▸ Exercise: Pictures are not part of the copy; reproduce the remaining data exactly.

▸ Data:
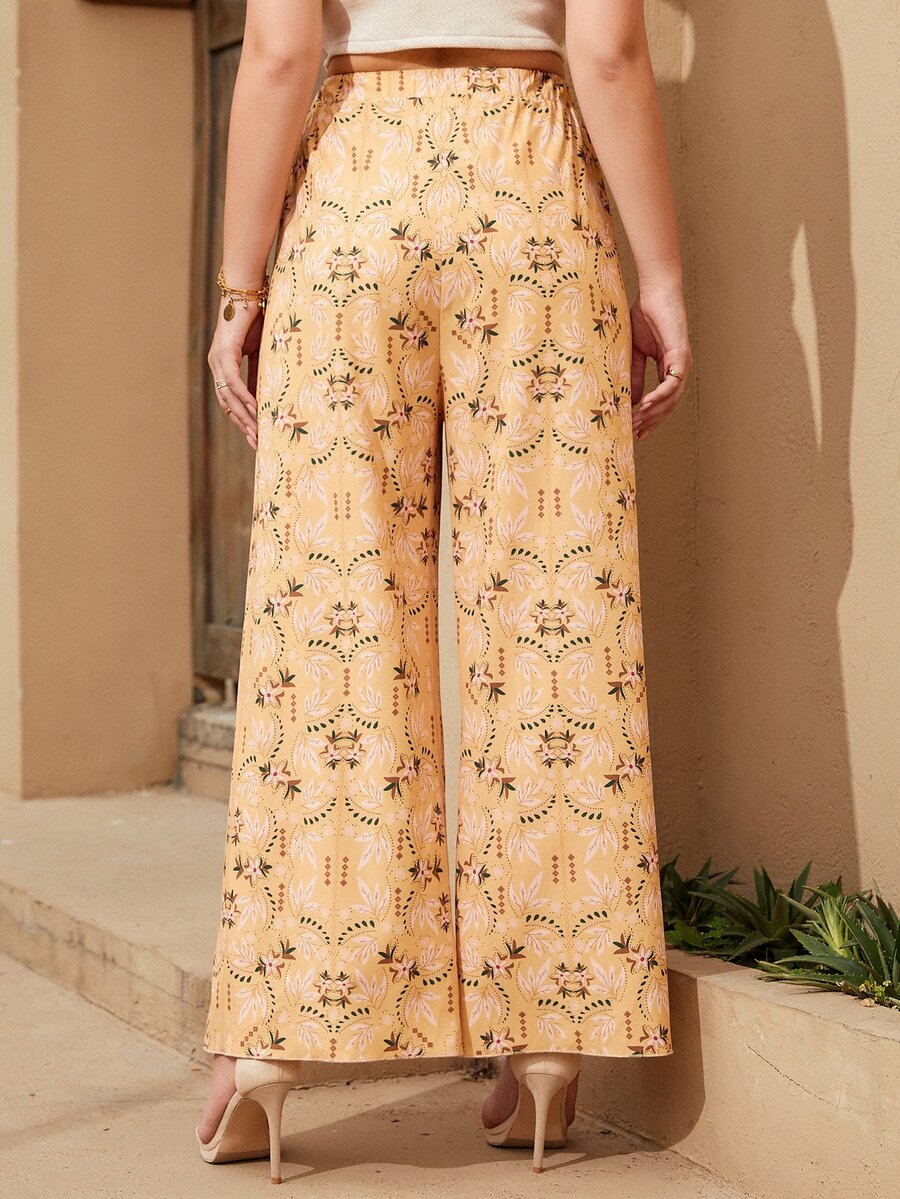 Pantalones de pierna ancha con estampado floral de muslo con abertura
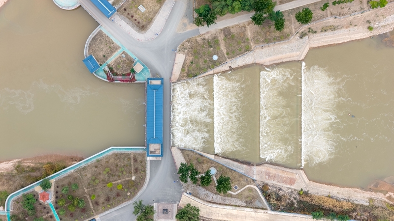 10月16日,用于灌溉的黄河水流经内蒙古巴彦淖尔市临河区境内的总干渠第二分水枢纽(无人机照片)。
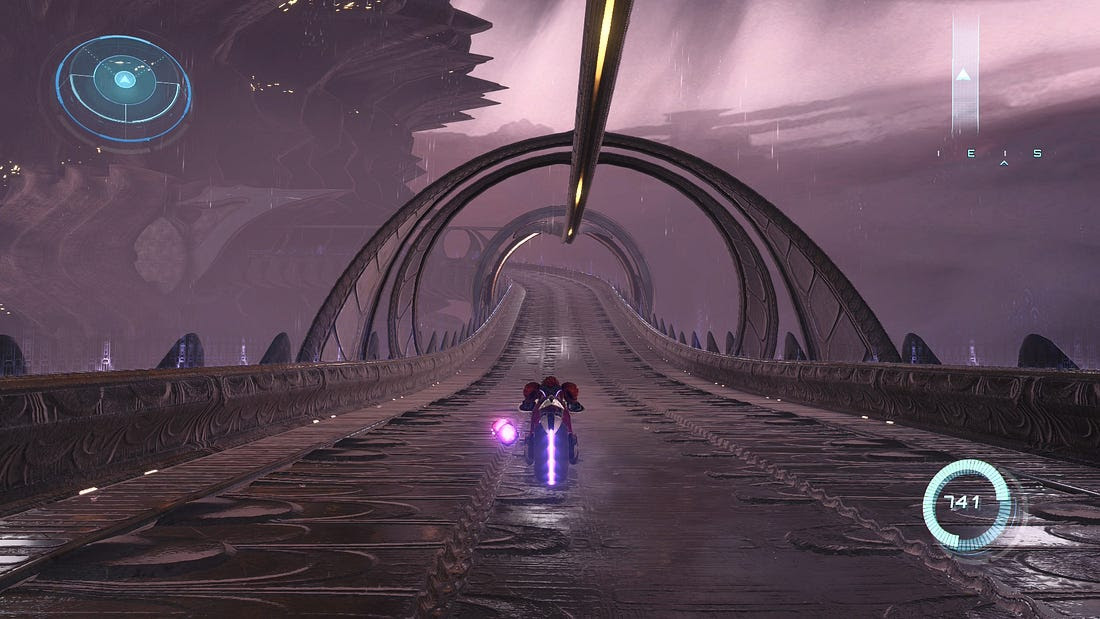 Part of the reason for this is the introduction of the Vi-O-La, a sci-fi motorcycle that Samus uses to cross the vast desert separating the regions. It’s a cool concept on paper, but in practice it bogs down the game’s flow. It creates a clunky additional tutorial section four hours in, and beyond this doesn’t lend much to the overall gameplay aside from a few cool cutscenes.

▸ Answer to this problem:
 Pantalones de pierna ancha con estampado floral de muslo con abertura
 10月16日,用于灌溉的黄河水流经内蒙古巴彦淖尔市临河区境内的总干渠第二分水枢纽(无人机照片)。
 Part of the reason for this is the introduction of the Vi-O-La, a sci-fi motorcycle that Samus uses to cross the vast desert separating the regions. It’s a cool concept on paper, but in practice it bogs down the game’s flow. It creates a clunky additional tutorial section four hours in, and beyond this doesn’t lend much to the overall gameplay aside from a few cool cutscenes.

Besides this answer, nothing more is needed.